On Aug 31,  5:44pm, DervishD wrote:
> zparseopts -D -A OPTIONS -- -help+
> tmp=$argv[1]
> [[ "$tmp[1]" == "-" ]] && {
>     print "ERROR, unknown option \"$tmp\""
>     return 1
> }
>     That's pretty ugly and not very clean, neither :(

Why are you messing around with the tmp variable?

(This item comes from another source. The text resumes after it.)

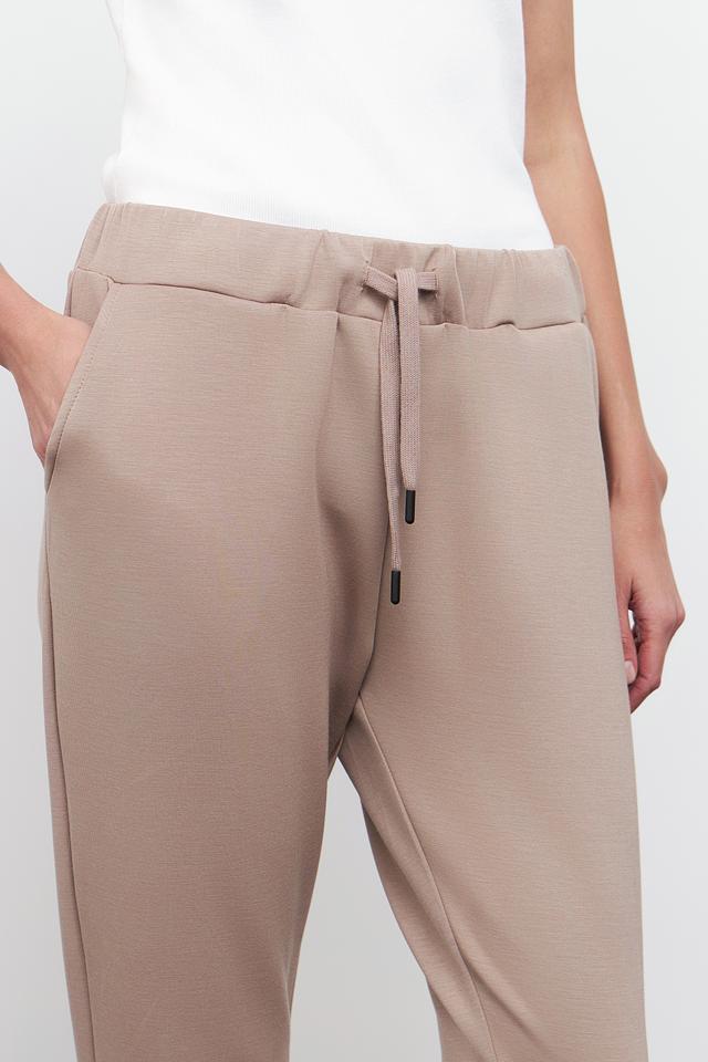 Бежевые трикотажные брюки от Pezzo – это комфорт и стиль в одном изделии. Модель выполнена из мягкого и приятного к телу материала с добавлением эластана, обеспечивающего свободу движений. Удобный пояс на резинке и боковые карманы делают эти брюки идеальным выбором для повседневной носки. Состав: модал 51%, полиэстер 44%, эластан 5%

    zparseopts -D -A OPTIONS -- -help+
    [[ $1 = -* ]] && {
	print -u2 "ERROR, unknown option \"$1\""
	return 1

>     But, worse, zparseopts spits an error in this case:
>     set -- -a
>     zparseopts -a array -- a:

    zparseopts -- a::=array
    (( $#array == 1 )) && {
	print -u2 "ERROR, required argument of \"-a\" is missing"
	return 1

When you use 'a:' you tell zparseopts that *it* should require an
argument; but what you tell zparseopts doesn't have to literally
reflect whether *you* require one.

However, that does mean that the argument must be given in the same
word as the option (e.g. "-axyz" rather than "-a xyz") so that may
not fit your needs.  There are two drawbacks to zparseopts; that's
one of them, and the other is that it doesn't differentiate empty
strings from omitted arguments very effectively.

You might want to try a hybrid approach: Call zparseopts -D -E to
strip all the long options, then use getopts to process the rest of
them and issue error messages.  However, that means that the order of
the options on the command line must not matter.